▶ **Exercise**
What you should give back is a precise copy of the lines below from the one containing "Figure 2. Saline-filled" through the one containing "Site plan 1:500", with no pictures.

▶ **Exercise data**
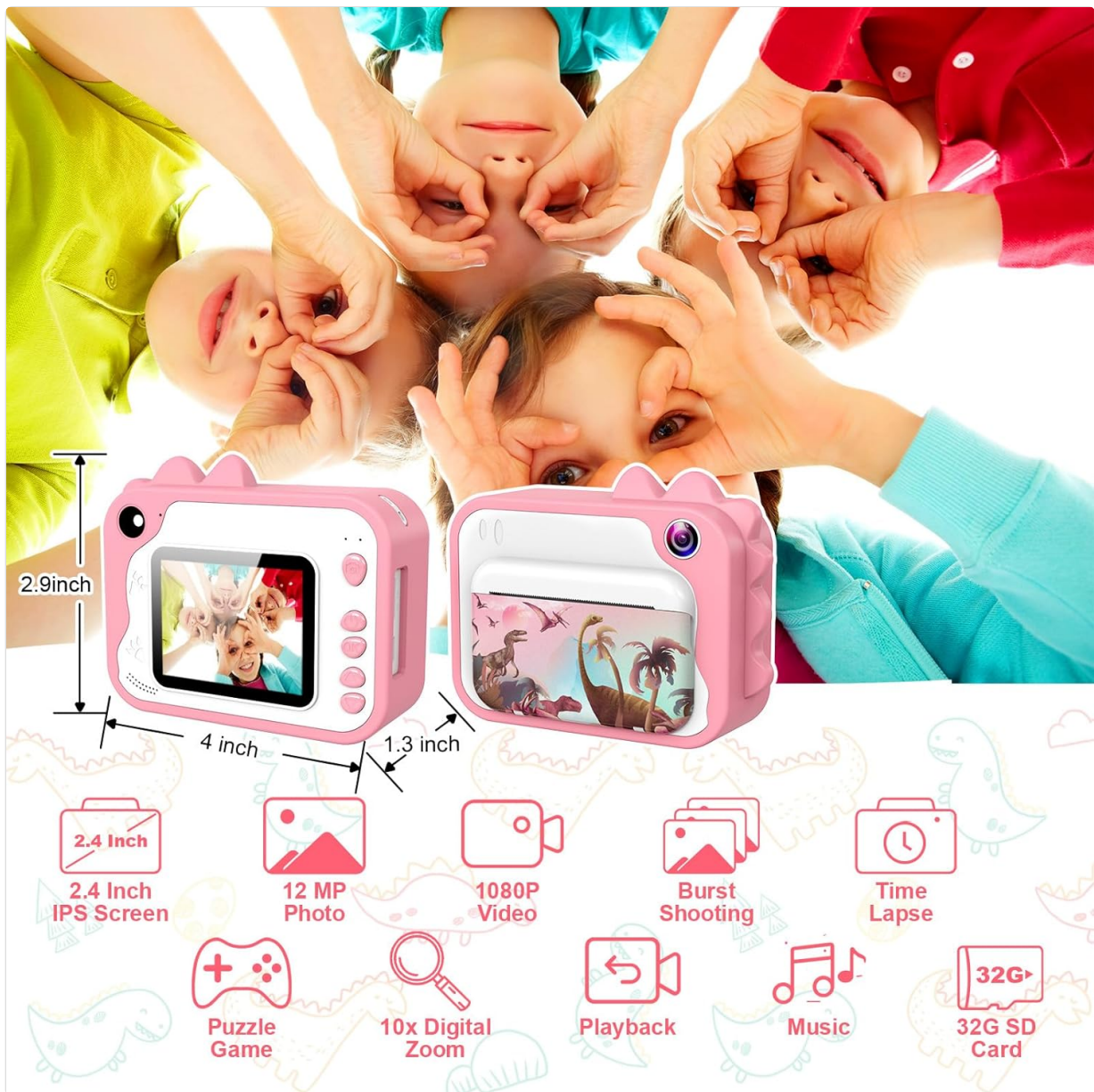
Image 3.1: An illustrative diagram highlighting the key features of the CHAKEYAKE P80 camera, including its 2.4-inch IPS screen, 12MP photo capability, 1080P video recording, burst shooting, time-lapse, puzzle games, 10x digital zoom, playback, and music functions.
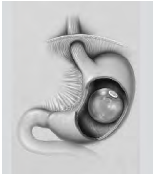
Figure 2. Saline-filled ORBERA™ in the stomach

ORBERA™ is placed in the stomach and filled with saline, causing it to expand into a spherical shape (Figure 2). The filled balloon is designed to occupy space and move freely within the stomach. The expandable design of ORBERA™ permits a fill volume range of 400cc (minimum) to a maximum of 700cc (refer to section 11.2 for filling guidelines). Once filled, the ORBERA™ volume is not adjustable. A self-sealing valve permits detachment from external catheters (see Section 10 Instructions for Use).
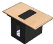
EXT32 x Qty
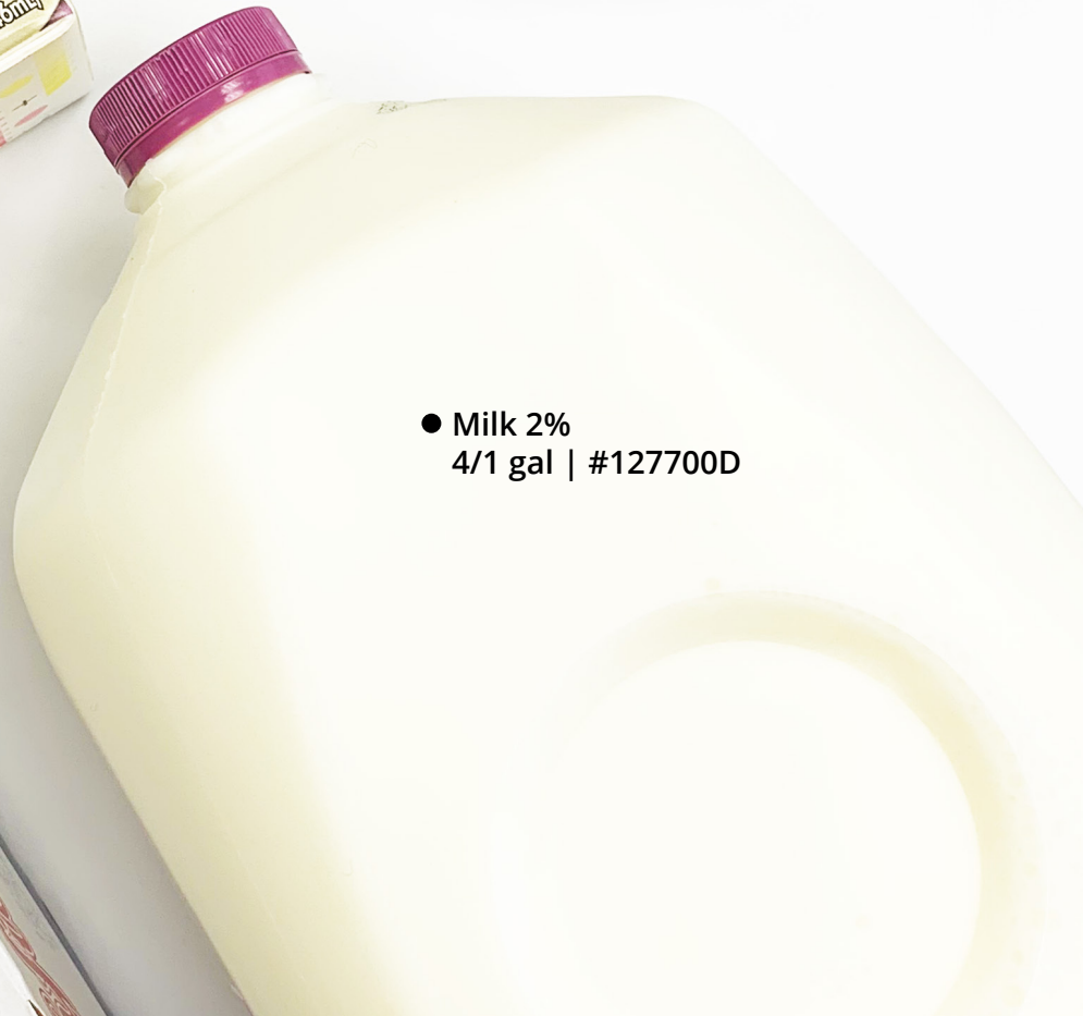
● Milk 2% 4/1 gal | #127700D
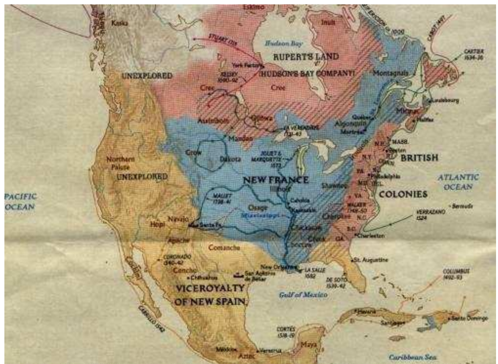
European Claims 1750
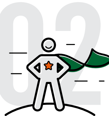
Empowered advocates and change makers.
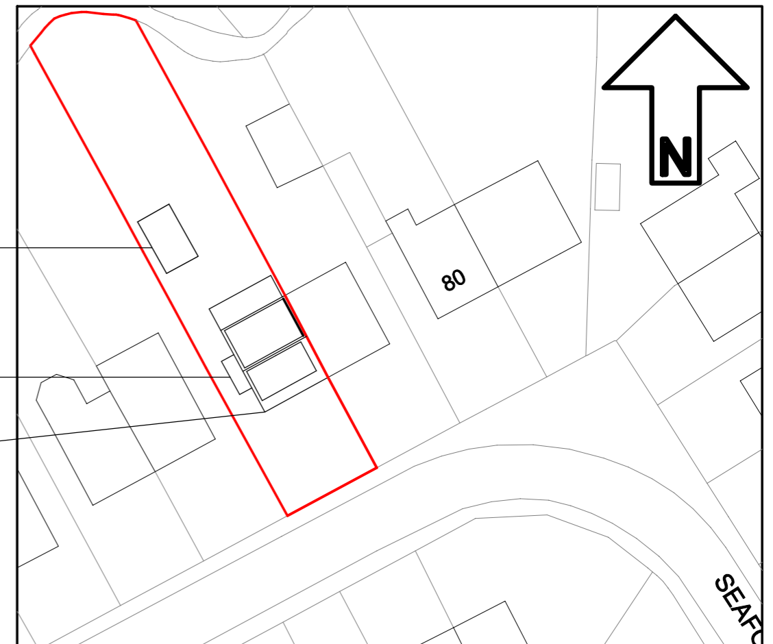
Site plan 1:500

Front elevation extension (less than 3 m2)
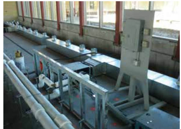
Mechanical Ventilation for Occupied Spaces

On-site enforcement: The inspector should verify that HVAC filtration specified on the approved construction document is installed or is stored on-site, with proper labeling. The inspector may check a sample of installed filters to verify the MERV rating and labeling requirements.
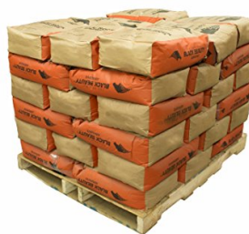
3000 lb Pallet
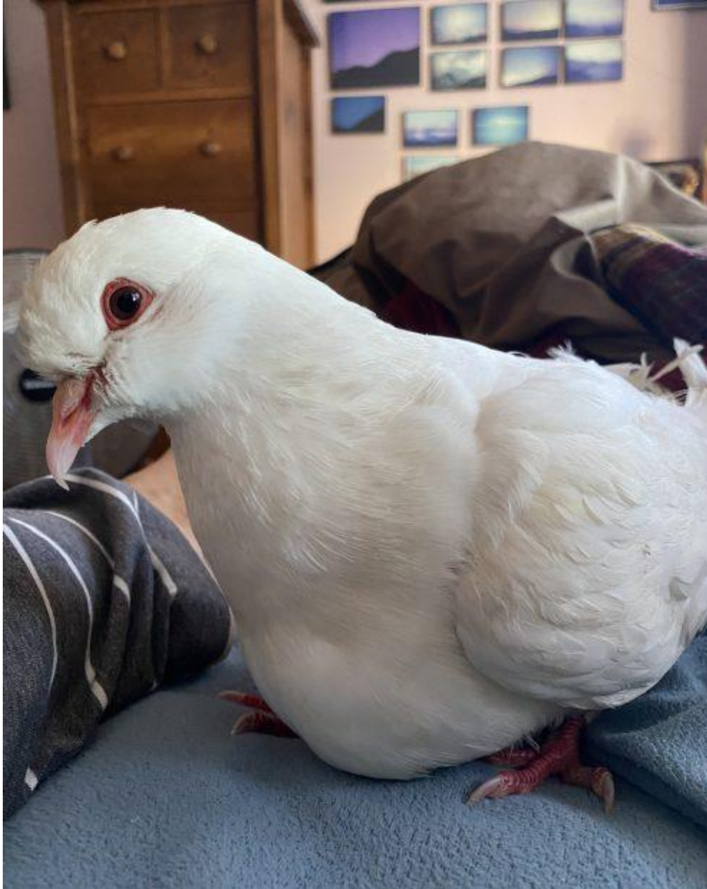
Willy's crop is always big & saggy

His GI system is slow but effective, he's been eating & maintaining his weight. He's been treated for parasites, coccidia & yeast. His blood tests have been normal, no metal toxicity. His fluorscopy didn't provide any clues.

▶ **Your response**
Figure 2. Saline-filled ORBERA™ in the stomach

ORBERA™ is placed in the stomach and filled with saline, causing it to expand into a spherical shape (Figure 2). The filled balloon is designed to occupy space and move freely within the stomach. The expandable design of ORBERA™ permits a fill volume range of 400cc (minimum) to a maximum of 700cc (refer to section 11.2 for filling guidelines). Once filled, the ORBERA™ volume is not adjustable. A self-sealing valve permits detachment from external catheters (see Section 10 Instructions for Use).
EXT32 x Qty
● Milk 2% 4/1 gal | #127700D
European Claims 1750
Empowered advocates and change makers.
Site plan 1:500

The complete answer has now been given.